The book, by Robert Horn (a veteran of the musicals “13” and “Tootsie”), recounts how Cob County’s dying corn crop prompts Maizy (Danielle Wade) to defy her fiancé (Jake Odmark), leave town to seek help and eventually find a big-city podiatrist (Quinn VanAntwerp) she mistakenly believes will be their savior. Horn teamed up with Nashville mega-songwriters Brandy Clark and Shane McAnally, who have worked with the likes of Miranda Lambert and Kacey Musgraves and gave the show a country flavor.

They initially collaborated on “Moonshine: That Hee Haw Musical,” which was based on the variety show and premiered in Dallas in 2015. Unsatisfied, they transformed it into “Shucked,” which earned nine Tony nominations in 2023. The creative team changed some jokes for the tour, and replaced a song called “We Love Jesus” with the more story-focused “Ballad of the Rocks.”

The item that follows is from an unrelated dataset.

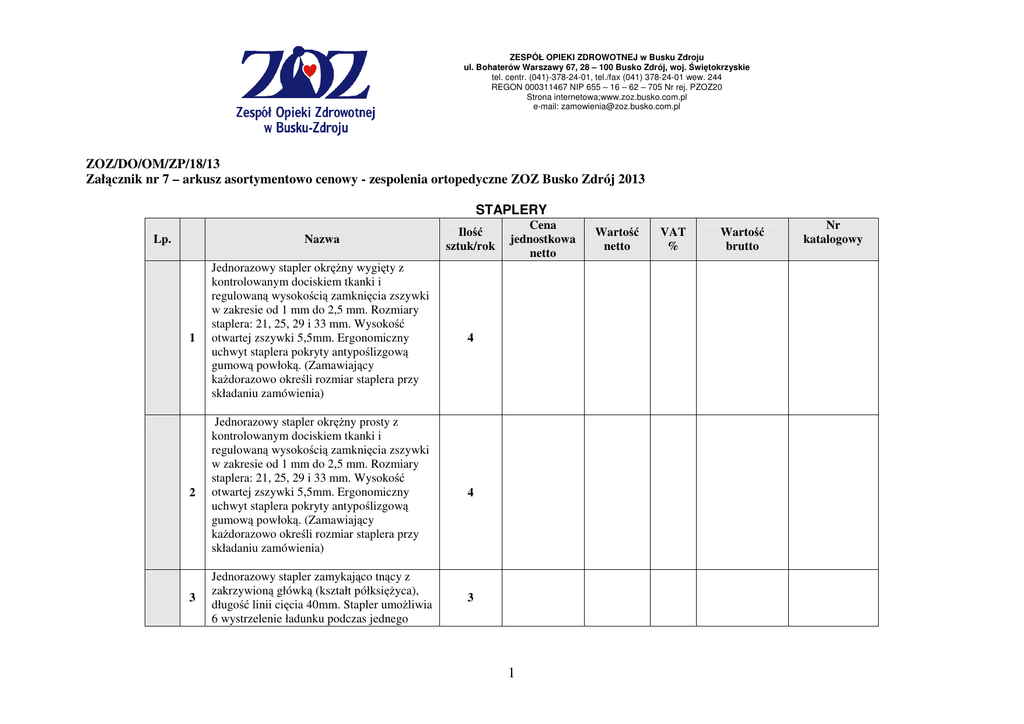 ZESPÓŁ OPIEKI ZDROWOTNEJ w Busku Zdroju ul. Bohaterów Warszawy 67, 28 – 100 Busko Zdrój, woj. Świętokrzyskie tel. centr. (041)-378-24-01, tel./fax (041) 378-24-01 wew. 244 REGON 000311467 NIP 655 – 16 – 62 – 705 Nr rej. PZOZ20 Strona internetowa;www.zoz.busko.com.pl e-mail: [email protected] ZOZ/DO/OM/ZP/18/13 Załącznik nr 7 – arkusz asortymentowo cenowy - zespolenia ortopedyczne ZOZ Busko Zdrój 2013 STAPLERY Lp. Nazwa 1 2 3 Jednorazowy stapler okręŜny wygięty z kontrolowanym dociskiem tkanki i regulowaną wysokością zamknięcia zszywki w zakresie od 1 mm do 2,5 mm. Rozmiary staplera: 21, 25, 29 i 33 mm. Wysokość otwartej zszywki 5,5mm. Ergonomiczny uchwyt staplera pokryty antypoślizgową gumową powłoką. (Zamawiający kaŜdorazowo określi rozmiar staplera przy składaniu zamówienia) Jednorazowy stapler okręŜny prosty z kontrolowanym dociskiem tkanki i regulowaną wysokością zamknięcia zszywki w zakresie od 1 mm do 2,5 mm. Rozmiary staplera: 21, 25, 29 i 33 mm. Wysokość otwartej zszywki 5,5mm. Ergonomiczny uchwyt staplera pokryty antypoślizgową gumową powłoką. (Zamawiający kaŜdorazowo określi rozmiar staplera przy składaniu zamówienia) Jednorazowy stapler zamykająco tnący z zakrzywioną główką (kształt półksięŜyca), długość linii cięcia 40mm. Stapler umoŜliwia 6 wystrzelenie ładunku podczas jednego Ilość sztuk/rok Cena jednostkowa netto 4 4 3 1 Wartość netto VAT % Wartość brutto Nr katalogowy ZESPÓŁ OPIEKI ZDROWOTNEJ w Busku Zdroju ul. Bohaterów Warszawy 67, 28 – 100 Busko Zdrój, woj. Świętokrzyskie tel. centr. (041)-378-24-01, tel./fax (041) 378-24-01 wew. 244 REGON 000311467 NIP 655 – 16 – 62 – 705 Nr rej. PZOZ20 Strona internetowa;www.zoz.busko.com.pl e-mail: [email protected] zabiegu, zawiera ładunek do tkanki standardowej, grubej. (Zamawiający kaŜdorazowo określi rodzaj ładunku w staplerze przy składaniu zamówienia). 4 5 6 Ładunek do staplera z zakrzywioną głowicą o długości linii cięcia 40mm. Ładunek do tkanki standardowej, grubej. (Zamawiający kaŜdorazowo określi rodzaj ładunku przy składaniu zamówienia).. Jednorazowa rączka staplera liniowego z noŜem wbudowanym w ładunek, umoŜliwiająca sekwencyjną regulację wysokości zszywek przeznaczonych do tkanki standardowej (1,5 mm po zamknięciu), pośredniej (1,8 mm po zamknięciu) i grubej (2 mm po zamknięciu). Stapler kompatybilny z ładunkiem posiadającym sześć rzędów zszywek wykonanych w technologii przestrzennej 3D o długości lini szwu 61 mm. (Stapler niezaładowany ładunkiem) Jednorazowa rączka staplera liniowego z noŜem wbudowanym w ładunek, umoŜliwiająca sekwencyjną regulację wysokości zszywek przeznaczonych do tkanki standardowej (1,5 mm po zamknięciu), pośredniej (1,8 mm po zamknięciu) i grubej (2 mm po zamknięciu). Stapler kompatybilny z ładunkiem posiadającym sześć rzędów zszywek wykonanych w technologii przestrzennej 3D 6 10 15 2 ZESPÓŁ OPIEKI ZDROWOTNEJ w Busku Zdroju ul. Bohaterów Warszawy 67, 28 – 100 Busko Zdrój, woj. Świętokrzyskie tel. centr. (041)-378-24-01, tel./fax (041) 378-24-01 wew. 244 REGON 000311467 NIP 655 – 16 – 62 – 705 Nr rej. PZOZ20 Strona internetowa;www.zoz.busko.com.pl e-mail: [email protected] o długości lini szwu 81 mm. (Stapler niezaładowany ładunkiem) 7 8 9 Uniwersalny ładunek do jednorazowego staplera liniowego z noŜem posiadającego sekwencyjną regulację wysokości zszywek przeznaczonych do tkanki standardowej (1,5 mm po zamknięciu), pośredniej (1,8 mm po zamknięciu) i grubej (2 mm po zamknięciu). Ładunek posiadający sześć rzędów zszywek wykonanych w technologii przestrzennej 3D o długości lini szwu 61 mm (nóŜ zintegrowany z ładunkiem). Uniwersalny ładunek do jednorazowego staplera liniowego z noŜem posiadającego sekwencyjną regulację wysokości zszywek przeznaczonych do tkanki standardowej (1,5 mm po zamknięciu), pośredniej (1,8 mm po zamknięciu) i grubej (2 mm po zamknięciu). Ładunek posiadający sześć rzędów zszywek wykonanych w technologii przestrzennej 3D o długości lini szwu 81 mm (nóŜ zintegrowany z ładunkiem). Jednorazowy stapler liniowy z noŜem o długości linii szwu 102mm załadowany ładunkiem do tkanki standardowej (wysokość zszywki po zamknięciu 1,5mm) i grubej (wysokość zszywki po zamknięciu 2,0mm). NóŜ zintegrowany ze staplerem. ( Zamawiający kaŜdorazowo określi rodzaj ładunku przy składaniu zamówienia) 12 12 3 3 ZESPÓŁ OPIEKI ZDROWOTNEJ w Busku Zdroju ul. Bohaterów Warszawy 67, 28 – 100 Busko Zdrój, woj. Świętokrzyskie tel. centr. (041)-378-24-01, tel./fax (041) 378-24-01 wew. 244 REGON 000311467 NIP 655 – 16 – 62 – 705 Nr rej. PZOZ20 Strona internetowa;www.zoz.busko.com.pl e-mail: [email protected] 10 11 12 13 Ładunek do jednorazowego staplera liniowego z noŜem o długości linii szwu 102mm do tkanki standardowej (wysokość zszywki po zamknięciu 1,5mm) i grubej (wysokość zszywki po zamknięciu 2,0mm). NóŜ zintegrowany ze staplerem. ( Zamawiający kaŜdorazowo określi rodzaj ładunku przy składaniu zamówienia) Jednorazowy automatyczny stapler liniowy o długości linii szwu 30 mm załadowany ładunkiem do tkanki naczyniowej (wysokość otwartej zszywki 2,5 mm), standardowej ( wysokość otwartej zszywki 3,5 mm) i grubej ( wysokość otwartej zszywki 4,8 mm). Stapler posiada dwie dźwignie - zamykającą i spustową. (Zamawiający kaŜdorazowo określi rodzaj ładunku w staplerze przy składaniu zamówienia) Jednorazowy automatyczny stapler liniowy o długości linii szwu 60 mm załadowany ładunkiem do tkanki standardowej ( wysokość otwartej zszywki 3,5 mm) i grubej ( wysokość otwartej zszywki 4,8 mm). Stapler posiada dwie dźwignie - zamykającą i spustową. (Zamawiający kaŜdorazowo określi rodzaj ładunku w staplerze przy składaniu zamówienia) Ładunek do automatycznego staplera liniowego o długości linii szwu 30mm do 12 3 3 12 4 ZESPÓ

The standout tunes are the opening number, featuring a corn kickline, and an ode to the glories of Tampa. An empowerment anthem sung by Miki Abraham, playing Maizy’s cousin, blows everyone away (and on Broadway won Alex Newell a Tony). But eventually they just plod along — the girl’s love song, the guy’s love song, the friendship song, the villain song — making me wish that they had more giddy energy to match the rest of the script, or that the characters made me more emotionally engaged in the ballads. A lot could have been solved by making the podiatrist less of a hapless lump and more like the charismatic Harold Hill in “The Music Man.”

It ends up feeling like a fleeting curiosity rather than a “Little Shop of Horrors”-style camp classic. And, yes, with many, many puns. The script offers its own guidance: “Like the lazy dentist said, ‘Brace yourself.’”

Shucked, through Sunday at the National Theatre in Washington and through spring 2026 on a North American tour. Around 2 hours 20 minutes, with intermission. shuckedmusical.com.